▶ [WHAT THE TASK REQUIRES]: If a record holds a picture, leave the picture out and repeat everything else exactly.
---
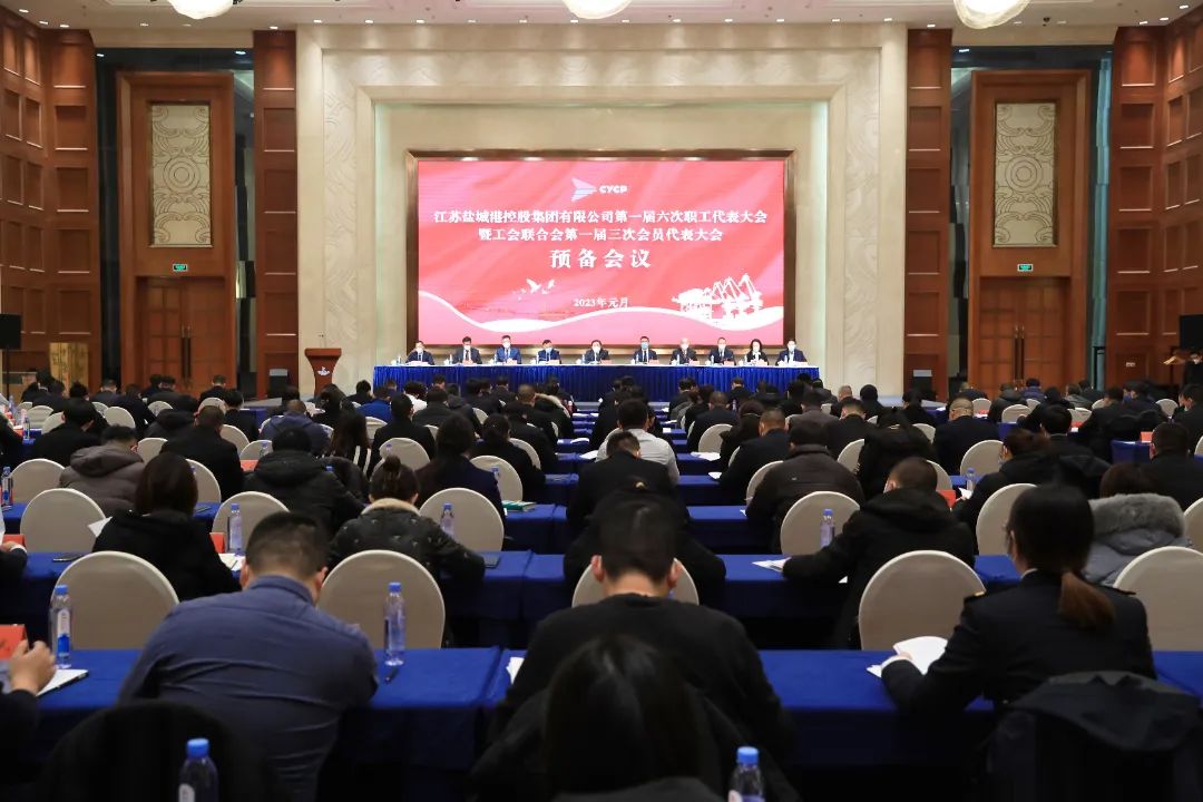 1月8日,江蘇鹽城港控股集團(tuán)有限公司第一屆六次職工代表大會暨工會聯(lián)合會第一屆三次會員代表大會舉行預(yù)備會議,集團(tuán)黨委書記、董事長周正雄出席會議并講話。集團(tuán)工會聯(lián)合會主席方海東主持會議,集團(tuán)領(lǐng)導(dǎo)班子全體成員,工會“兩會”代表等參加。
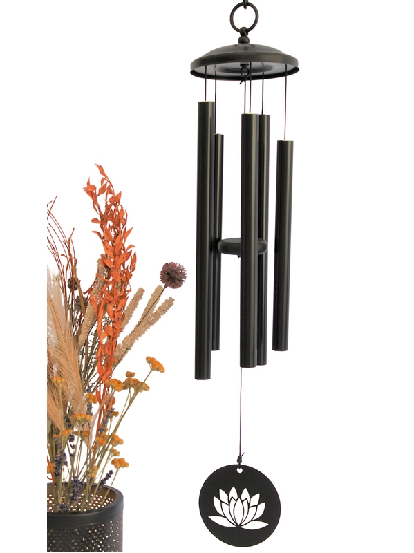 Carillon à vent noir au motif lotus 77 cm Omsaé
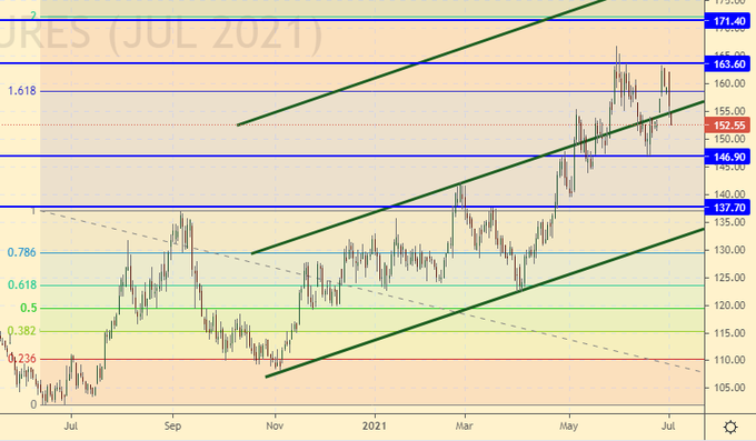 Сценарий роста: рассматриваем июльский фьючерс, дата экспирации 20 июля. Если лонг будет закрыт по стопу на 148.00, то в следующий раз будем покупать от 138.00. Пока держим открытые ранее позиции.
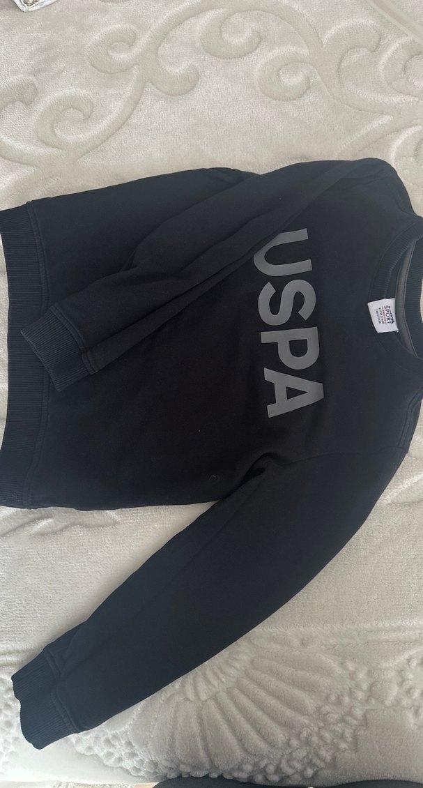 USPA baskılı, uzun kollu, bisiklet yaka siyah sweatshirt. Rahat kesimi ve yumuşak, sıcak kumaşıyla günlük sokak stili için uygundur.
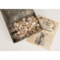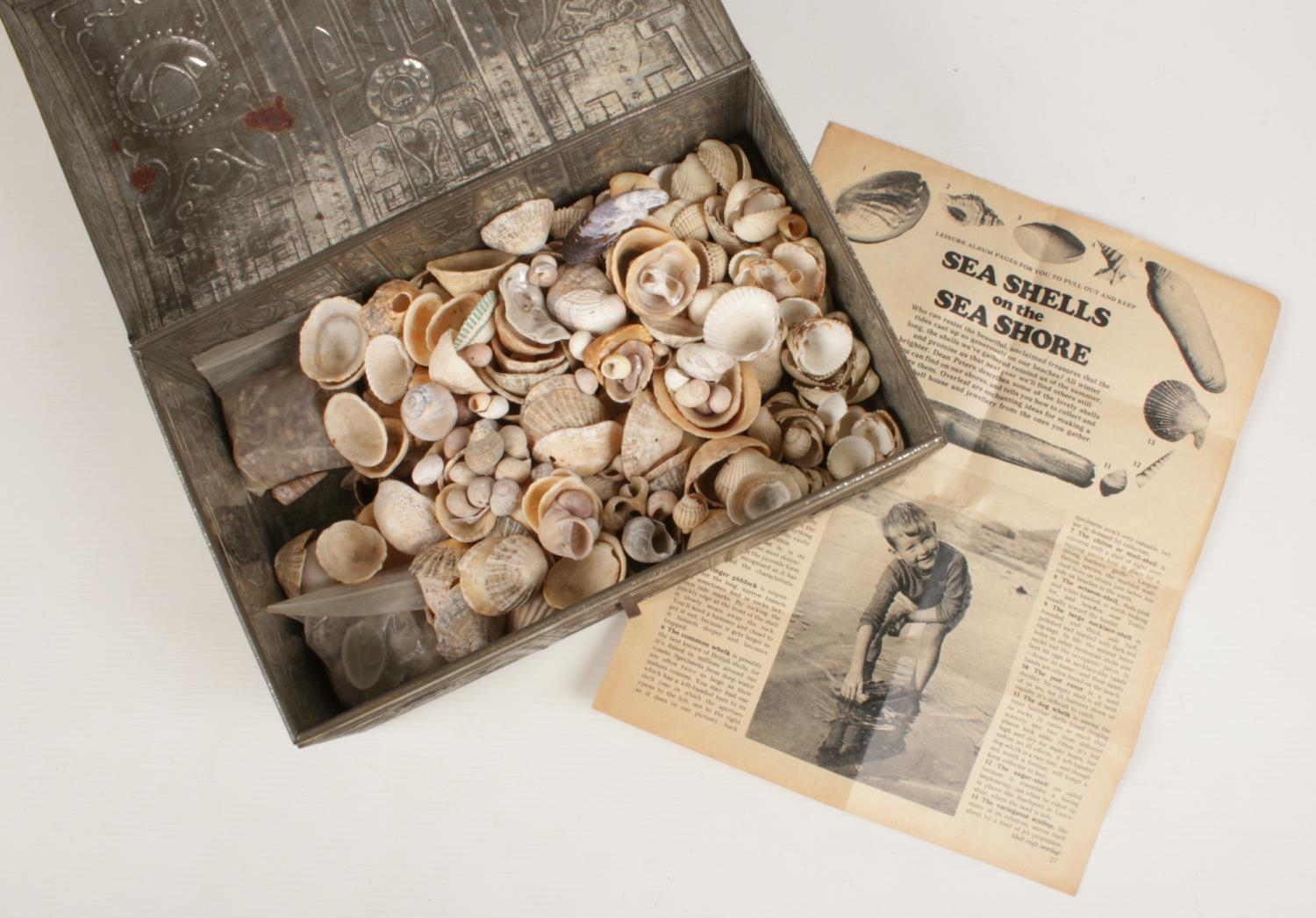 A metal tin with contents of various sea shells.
---
▶ [RESULT FOR THIS EXERCISE]:
 1月8日,江蘇鹽城港控股集團(tuán)有限公司第一屆六次職工代表大會暨工會聯(lián)合會第一屆三次會員代表大會舉行預(yù)備會議,集團(tuán)黨委書記、董事長周正雄出席會議并講話。集團(tuán)工會聯(lián)合會主席方海東主持會議,集團(tuán)領(lǐng)導(dǎo)班子全體成員,工會“兩會”代表等參加。
 Carillon à vent noir au motif lotus 77 cm Omsaé
 Сценарий роста: рассматриваем июльский фьючерс, дата экспирации 20 июля. Если лонг будет закрыт по стопу на 148.00, то в следующий раз будем покупать от 138.00. Пока держим открытые ранее позиции.
 USPA baskılı, uzun kollu, bisiklet yaka siyah sweatshirt. Rahat kesimi ve yumuşak, sıcak kumaşıyla günlük sokak stili için uygundur.
 A metal tin with contents of various sea shells.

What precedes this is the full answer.